I’d just been to see a work friend who’d just had a baby. And she let me hold him while she went to the loo.

It happens every time...I find myself feeling things...things I can’t describe. (She inhales the scent of the dress again.)

I remember reading about a mother who’d lost a child. A motorcyclist knocked the little girl off her bike. She was only eight. By the time she got to the hospital the child was dead. The mother used to go to the little girl’s wardrobe and smell her clothes...just to inhale her scent.

(She puts it down carefully, reverently.)

One good thing about growing older. Nobody invites you to baby showers anymore. Sometimes I just didn't go. Made some excuse about work. (Mimics) "You career girls! You’d better watch out or you’ll leave your run too late.”

“Oh you and Harry are so good with kids, Catherine. You should have some of your own!"

“Ok Mum, just popping down to Harrod’s to pick up some kids!”

"Oh no...you should to go Marks and Spencer’s. They’ve got them on special there!"

There’s always some jerk: “Well, if you need any help....”

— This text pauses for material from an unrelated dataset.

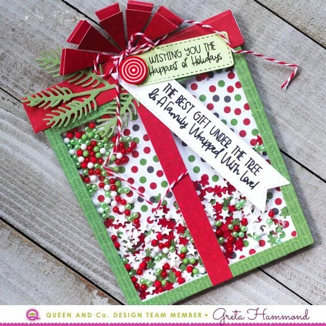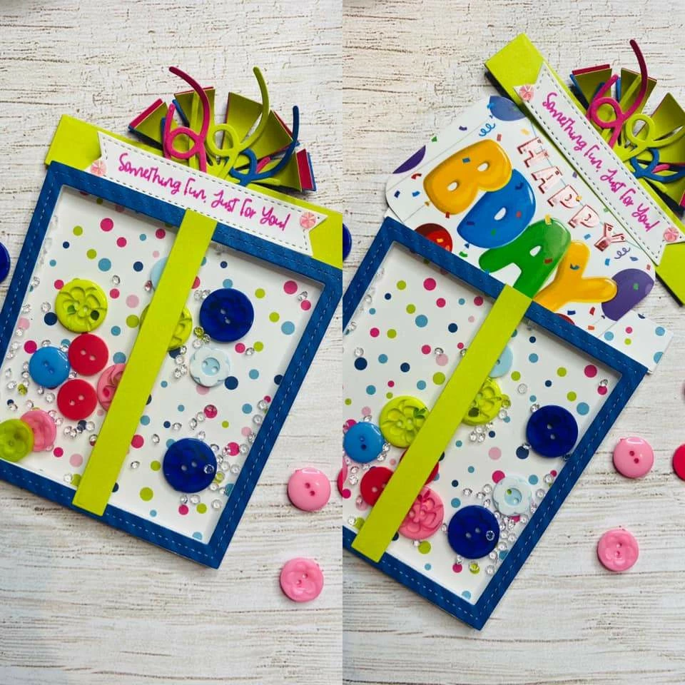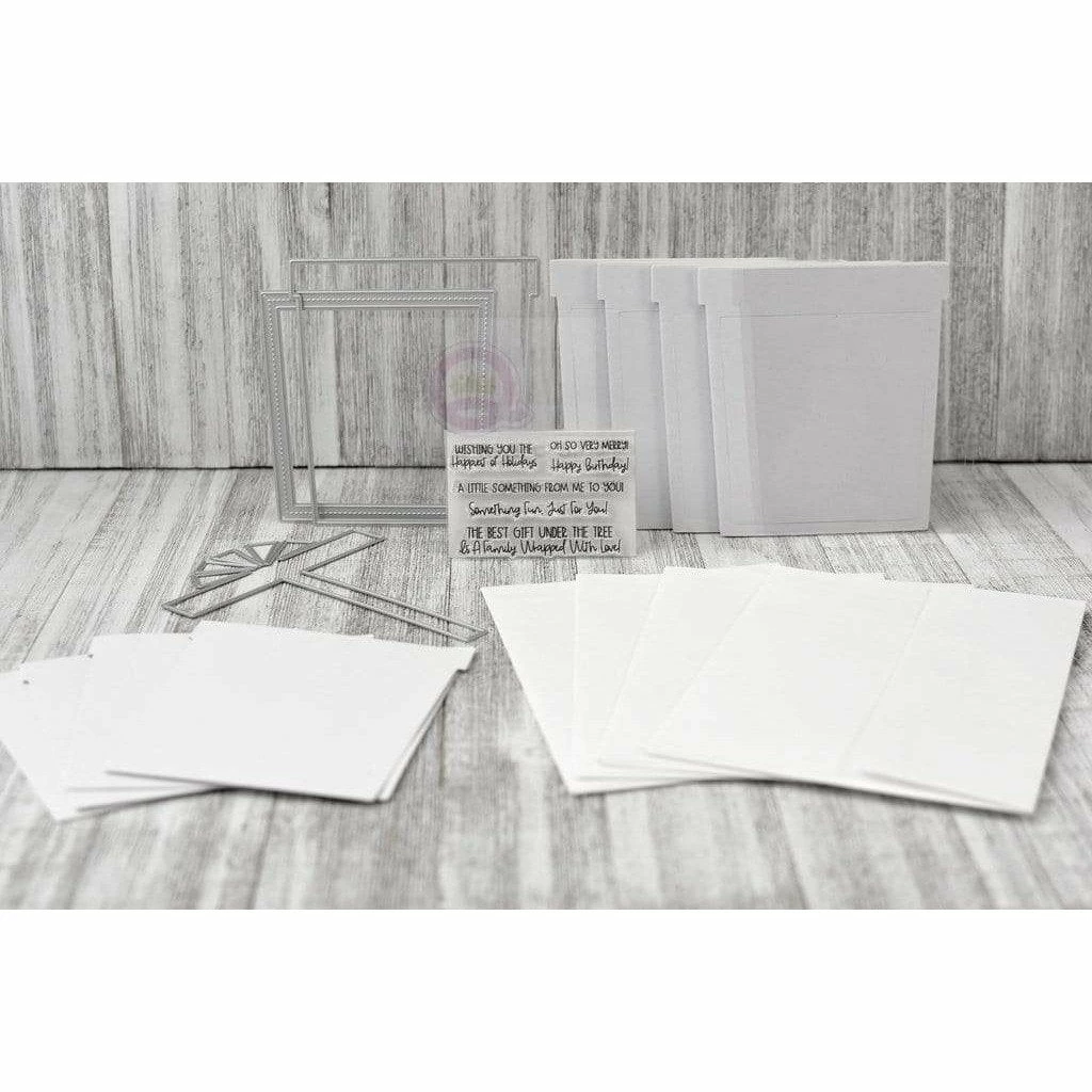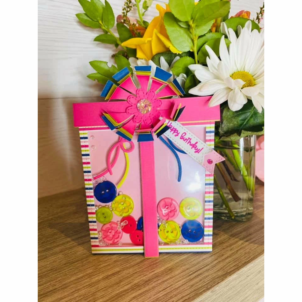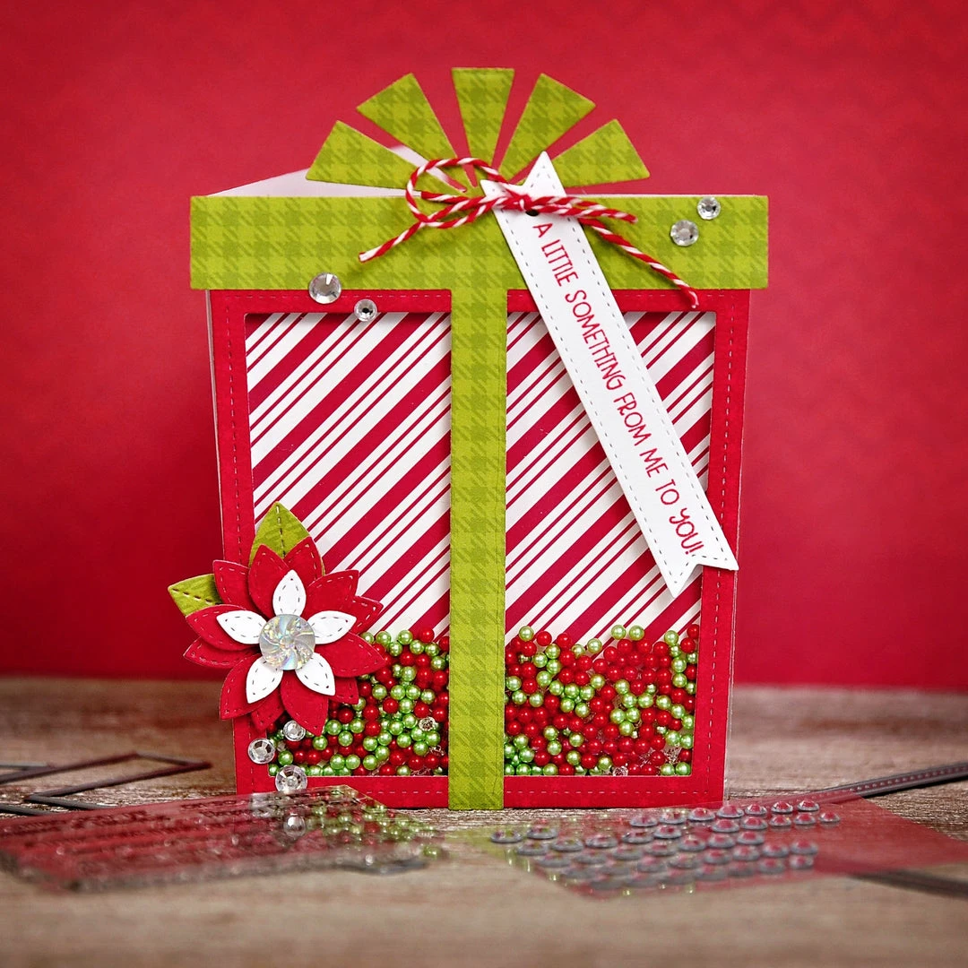 Includes 3 dies, stamps and 4 foam / acetate shaker shapes. Present measures 5.25″ x 4″. Outline dies is included.

18 IVF cycles over 11 years, in five different countries! I lose my memory. I’m exhausted. Not as... capable. All those needles. (Beat.)

(She picks up the infant dress again, caressing it tenderly.)

But there are other women who can help ...who can carry you. (Beat.) I haven’t explained it to Daddy yet.

(She turns the following phrase over, enjoying the strange newness of it.)

Our bun...her oven. (She fondles the dress again.) Baby clothes never really go out of fashion.

(She sighs. She stops and listens. Perhaps she’s heard something? She touches the glory box protectively. There is no one there.)

Mum says it's the silence you notice when your kids leave home. There's silence when they never arrive, too.

(She lifts the dress and inhales.)

(Beginning wistfully and ending passionately.) One day this will smell of vomit and pooh and talcum powder and I'll be sick of washing it, and when you’re too big for it, I'll put it back in the box, and then later when you’re a teenager, I'll take it out and show you and say, "Look how tiny you were!” And you’ll say, "Aw, Mum - I can't believe you kept that!"